The effect of the activation of the mitochondrial ATP-dependent potassium channel (mitoKATP) on the ultrastructure of rat lung in acute hypoxic hypoxia (7% of oxygen in nitrogen, exposure 30 min) was studied. It was shown that uridine, a precursor of the mitoKATP activator UDP, exerted a protective effect against hypoxic damage to the lung. The administration of uridine to animals prior to hypoxia decreased the number of mitochondria with altered ultrastructure and prevented the hypoxia-induced mitochondrial swelling. Uridine also protected the epithelial, interstitial and endothelial layers of the air–blood barrier from the hypoxia-induced hyperhydration. The protective action of uridine against hypoxia-induced lung injury was eliminated by the selective blocker of mitoKATP 5-hydroxydecanoate. These data suggest that one of the mechanisms of the positive effect of uridine is related to the activation of the mitoKATP channel, which, according to the literature and our data, is involved in the protection of tissues from hypoxia and leads to adaptation to it.
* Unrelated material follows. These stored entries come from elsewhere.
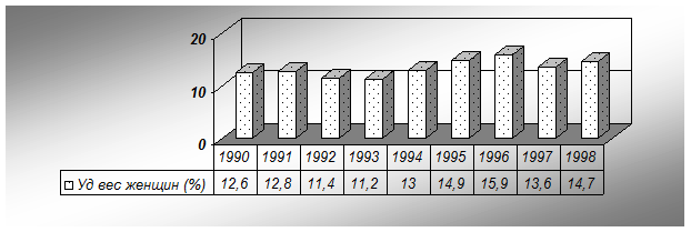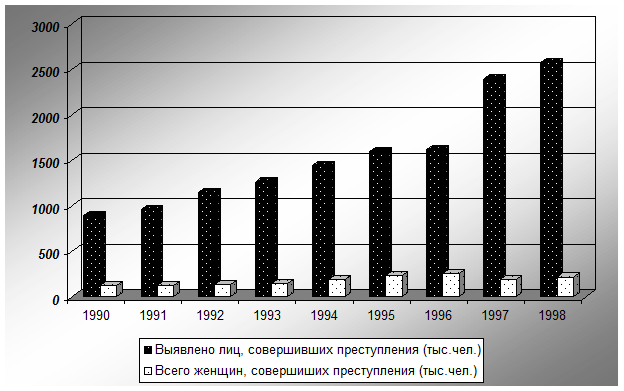 Прежде всего, следует отметить, что женщины традиционно отличаются значительно более низкой криминальной активностью, по сравнению с мужчинами. Удельный вес женщин в структуре преступников невысок и на протяжении последнего десятилетия этот показатель претерпевает незначительные колебания, не превышая, при этом традиционный 11-15%-ный уровень. Однако абсолютные статистические показатели свидетельствуют о наличии тенденции роста женской преступности. Так, за последние пять лет (с 1990г. по 1998г.) число женщин, вовлеченных в криминальные формы поведения, выросла в 1,8 раза[ii]
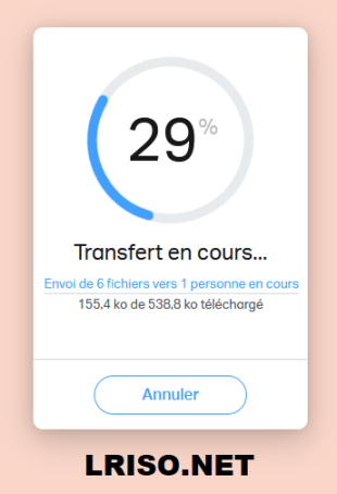 11. L'envoi vers les serveurs de WeTransfert commence alors. L'opération peut être plus ou moins longue suivant votre connexion à Internet et la quantité de données à transférer.
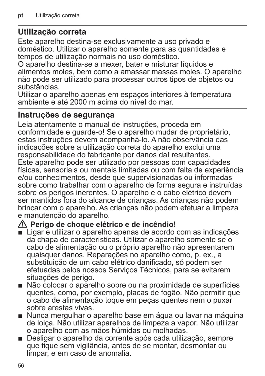 Leia atentamente o manual de instruções, proceda em conformidade e guarde-o! Se o aparelho mudar de proprietário, estas instruções devem acompanhá-lo. A não observância das indicações sobre a utilização correta do aparelho exclui uma responsabilidade do fabricante por danos daí resultantes. Este aparelho pode ser utilizado por pessoas com capacidades físicas, sensoriais ou mentais limitadas ou com falta de experiência e/ou conhecimentos, desde que supervisionadas ou informadas sobre como trabalhar com o aparelho de forma segura e instruídas sobre os perigos inerentes. O aparelho e o cabo elétrico devem ser mantidos fora do alcance de crianças. As crianças não podem brincar com o aparelho. As crianças não podem efetuar a limpeza e manutenção do aparelho. WW Perigo de choque elétrico e de incêndio! ■■ Ligar e utilizar o aparelho apenas de acordo com as indicações da chapa de características. Utilizar o aparelho somente se o cabo de alimentação ou o próprio aparelho não apresentarem quaisquer danos. Reparações no aparelho como, p. ex., a substituição de um cabo elétrico danificado, só podem ser efetuadas pelos nossos Serviços Técnicos, para se evitarem situações de perigo. ■■ Não colocar o aparelho sobre ou na proximidade de superfícies quentes, como, por exemplo, placas de fogão. Não permitir que o cabo de alimentação toque em peças quentes nem o puxar sobre arestas vivas. ■■ Nunca mergulhar o aparelho base em água ou lavar na máquina de loiça. Não utilizar aparelhos de limpeza a vapor. Não utilizar o aparelho com as mãos húmidas ou molhadas. ■■ Desligar o aparelho da corrente após cada utilização, sempre que fique sem vigilância, antes de se montar, desmontar ou limpar, e em caso de anomalia. 56

A possible role of uridine in the maintenance of the mitochondrial structure upon hypoxia-induced lung injury and the optimization of oxygen supply of the organism is discussed.

## Introduction

The mitochondrial ATP-dependent potassium channel (mitoKATP) is known to be present in various tissues of vertebrates, as well as in invertebrates, fungi, and plants1,2,3. Recently, much attention has been paid to the crucial role of the channel in the protection of tissues against hypoxia4,5.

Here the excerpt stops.